Continuous Deployment Without Stored Keys #

The part I am most happy with is the deployment pipeline. A push to main that touches the site triggers a GitHub Actions workflow that builds Hugo (extended, with Go available to fetch the Congo module), syncs the output to S3, and invalidates the CloudFront cache.

Crucially, it does all of this without a single stored AWS credential. The workflow uses GitHub OIDC: GitHub mints a short-lived identity token, AWS trusts it through an OIDC provider, and the pipeline assumes the least-privilege deploy role for the duration of the run. The trust policy is even scoped down to deploys from the main branch of this one repository. There is no access key to leak and nothing to rotate.

Working with Claude Code #

I leaned heavily on Claude Code to manage this migration end to end—drafting the Terraform, wiring up the OIDC trust, writing the conversion script, and keeping the whole thing on small, reviewable branches and pull requests. I kept the AWS guardrails explicit (I run every terraform apply myself; the agent only ever writes code and runs terraform plan), which turned out to be a productive way to move fast without handing over the keys to my infrastructure.

The Roadmap Ahead #

The site is live, the content is preserved, and every deploy is a single git push.

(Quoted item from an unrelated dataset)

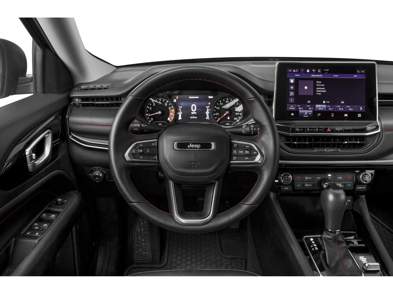 Below is all the standard equipment Quick Order Package 2GE, Trailhawk Convenience Group (115V Auxiliary Power Outlet, 2nd Row USB Type A/C Charge Only, Heated Front Seats, Leather Wrapped Steering Wheel, Power 2-Way Driver Lumbar Adjust, Power Adjust 8-Way Driver Seat, Remote Start System, Reversible Carpet/Vinyl Cargo Mat, Vehicle Information Center, and Windshield Wiper De-Icer), FCA US LLC Certified Pre-Owned Certified, 4WD, 10.1 Touchscreen Display, 4-Wheel Disc Brakes, 4.334 Axle Ratio, 6 Speakers, ABS brakes, Air Conditioning, Alloy wheels, AM/FM radio: SiriusXM, Anti-whiplash front head restraints, Auto High-beam Headlights, Auto-dimming Rear-View mirror, Automatic temperature control, Brake assist, Bumpers: body-color, Compass, Delay-off headlights, Disassociated Touchscreen Display, Driver door bin, Driver vanity mirror, Dual front impact airbags, Dual front side impact airbags, Electronic Stability Control, Emergency communication system: SiriusXM Guardian, Four wheel independent suspension, Front anti-roll bar, Front Bucket Seats, Front Center Armrest w/Storage, Front dual zone A/C, Front fog lights, Front License Plate Bracket, Front reading lights, Fully automatic headlights, Global Telematics Box Module (TBM), Heated door mirrors, Illuminated entry, Knee airbag, Leather Shift Knob, Low tire pressure warning, Occupant sensing airbag, Outside temperature display, Overhead airbag, Overhead console, Panic alarm, ParkView Rear Back-Up Camera, Passenger door bin, Passenger vanity mirror, Power door mirrors, Power steering, Power windows, Premium Cloth/Leather Trim Bucket Seats, Radio: Uconnect 5 w/10.1 Display, Rain sensing wipers, Rear anti-roll bar, Rear seat center armrest, Rear window defroster, Rear window wiper, Remote keyless entry, Roof rack: rails only, Security system, Speed control, Split folding rear seat, Spoiler, Steering wheel mounted audio controls, Tachometer, Telescoping steering wheel, Tilt steering wheel, Traction control, Trip computer, Turn signal indicator mirrors, Variably intermittent wipers, and Wheels: 17 x 6.5 Painted Diamond Cut Aluminum.

The remaining work is mostly about cutover and polish:

  • Moving DNS over so the apex domain points at CloudFront for good.
  • Adding a few more original write-ups now that publishing is frictionless.
  • Continuing to harden and tidy the Terraform as the project grows.

Migrating off WordPress turned a blog into an infrastructure project, and that was exactly the point. I will keep documenting the journey as I build out the rest of my cloud and DevOps toolkit.